To prevent redoing a done task, the script will make use of the mtime
attribute of the entry. At the beginning execution, the script would
have saved its start time. Once the script obtains the lock on the
lock\_file, before taking the snapshot, it compares the mtime of the
entry with the start time. The snapshot will only be taken if the mtime
is smaller than start time. Once the snapshot command completes, the
script will update the mtime of the lock\_file to the current time
before unlocking.

If a snapshot command fails, the script will log the failure (in syslog)
and continue with its operation. It will not attempt to retry the failed
snapshot in the current schedule, but will attempt it again in the next
schedules. It is left to the administrator to monitor the logs and
decide what to do after a failure.

Assumptions and Limitations
---------------------------

It is assumed that all nodes in the have their times synced using NTP or
any other mechanism. This is a hard requirement for this feature to
work.

The administrator needs to have python2.7 or higher installed, as well
as the argparse module installed, to be able to use the helper
script(snap\_scheduler.py).

There is a latency of one minute, between providing a command by the
helper script and that command taking effect. Hence, currently we do not
support snapshot schedules with per minute granularity.

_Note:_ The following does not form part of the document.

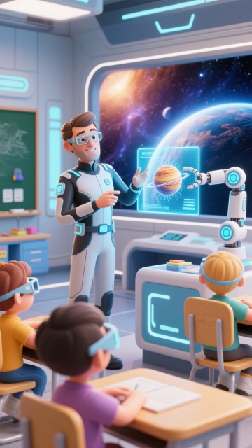 梦幻3D教室,卡通人物乘飞船遨游,超现实星球背景,营造虚拟现实学习氛围。

The administrator can however leverage the scheduler to schedule
snapshots with granularity of
half-hourly/hourly/daily/weekly/monthly/yearly periodic intervals. They
can also schedule snapshots, which are customised mentioning which
minute of the hour, which day of the week, which week of the month, and
which month of the year, they want to schedule the snapshot operation.